Thank you! However...

If this was for the PostgreSQL adapter and only the PostgreSQL adapter,
that might be worth doing, but it's more than that. Any database
supporting prepared statements could do this.
Let's turn it into a wrapper around all the calls to select and insert
for all the databases that support it. That would be great, right?
Actually, not really, for several reasons.
1) even if it was rewritten to do proper parsing of the SQL, it would
still cause unnecessary overhead (possibly even more so if it did
proper parsing)
2) there's no control over when the prepared statements are being made.
Here I use a minimum of 3 times, then the statement is prepared. In a
production setting that would mean that almost every statement is
prepared, which isn't optimal. Higher limits would still get just about
every query prepared, which isn't always optimal.
3) if this was solid it would still only be treating the symptoms and
hiding the real problem

What real problem?

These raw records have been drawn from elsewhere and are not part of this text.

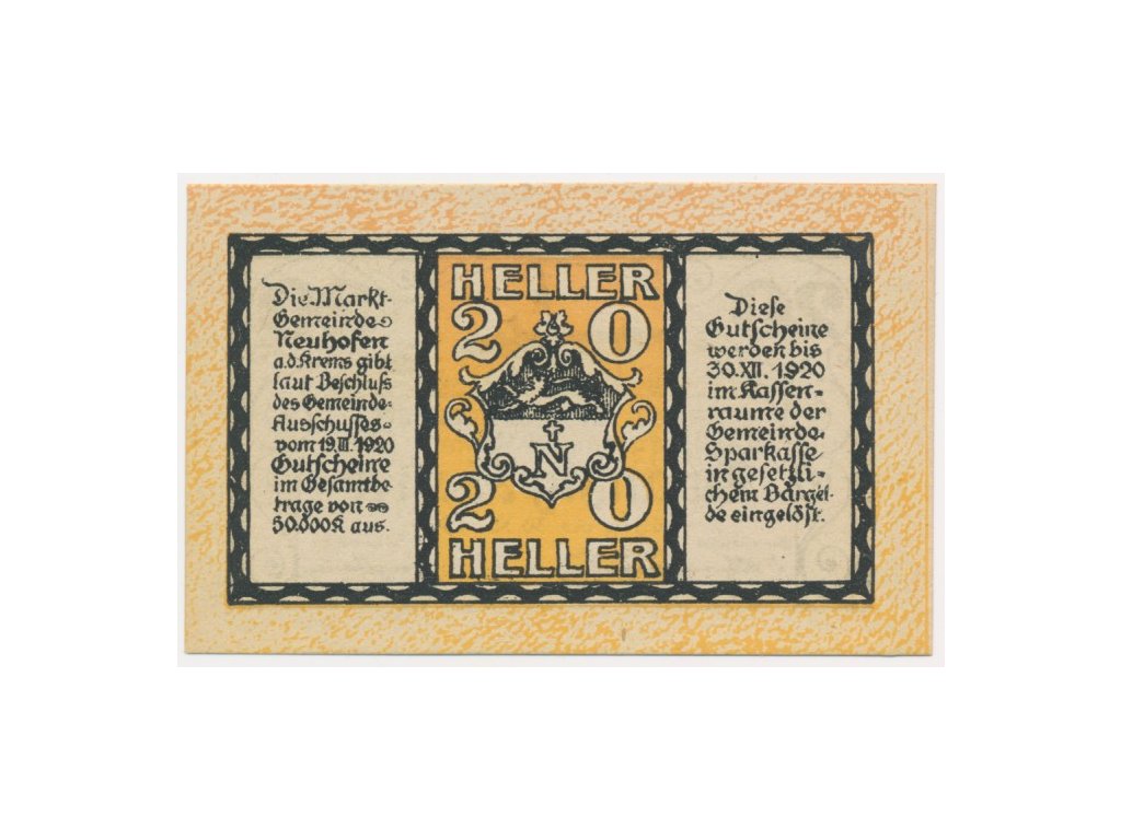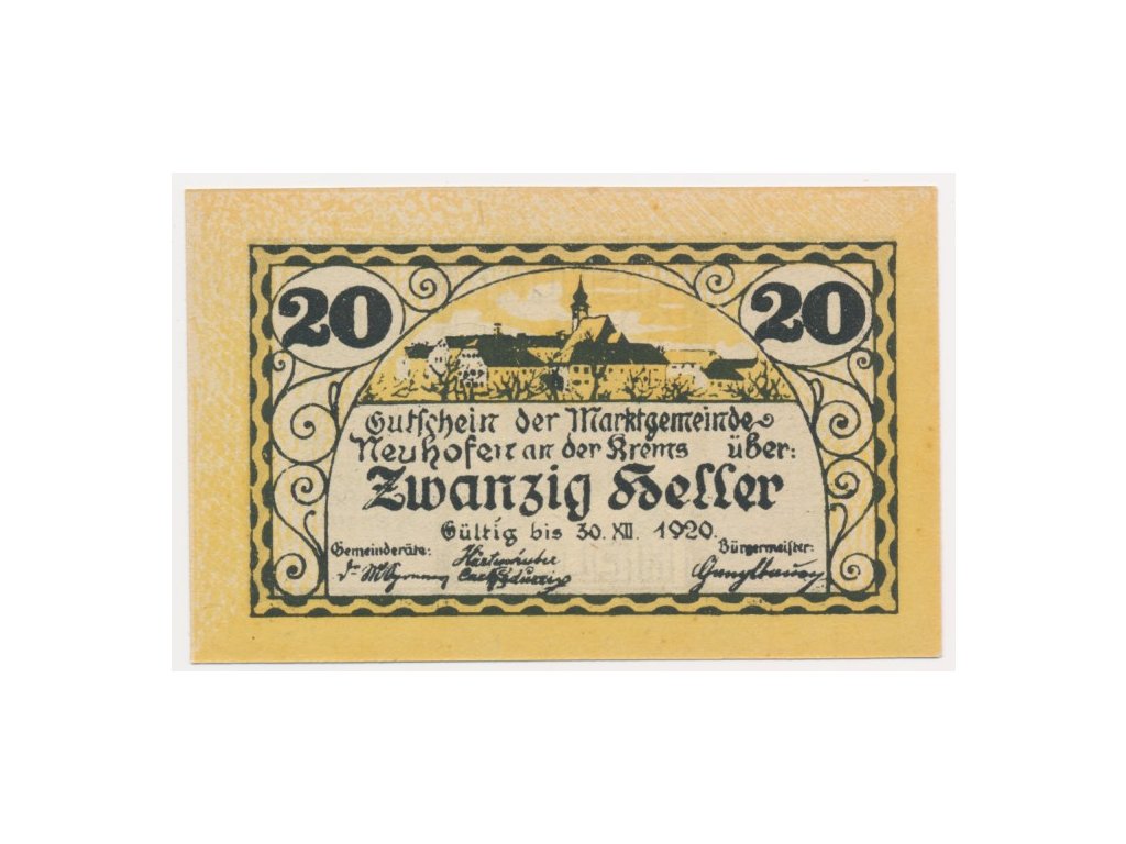 Rakousko, nouzová bankovka 20 h, Neuhofen, 1920, krásný stav UNC...viz autentické foto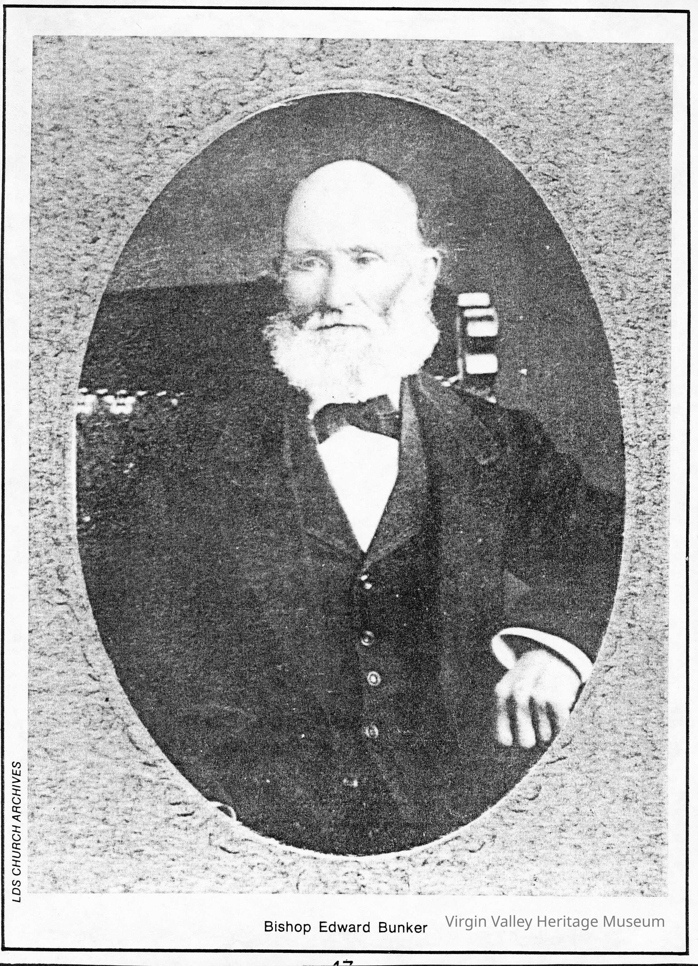 Picture reprint from the LDS Church archives of Bishop Edward Bunker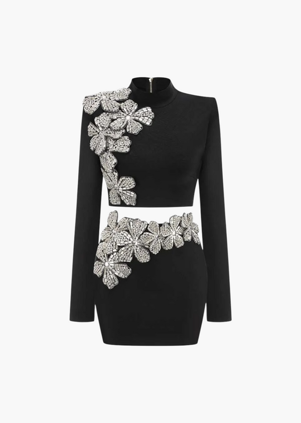 Floral Appliqué Cropped Jacket Mini Skirt Set

ActiveRecord is, uhm... well, let's just say it's
not well structured for this kind of thing (I'd love to be proven wrong
on this) and needs to be refactored, and rewritten in large parts, if
this was to be done cleanly. SQL statements are built in several parts,
piece for piece, and no information is saved about what actually goes
into it.
That's why we need to parse the SQL string to find things we should
already know. ActiveRecord made that SQL string, so ActiveRecord should
know what variables, tables and values are in there, and we should be
able to use that to do useful things like prepare/execute before it
hits the adapter.
Adapters are stupid, and they should be. I think ActiveRecord is stupid
because it's throwing all this information away, and it shouldn't be.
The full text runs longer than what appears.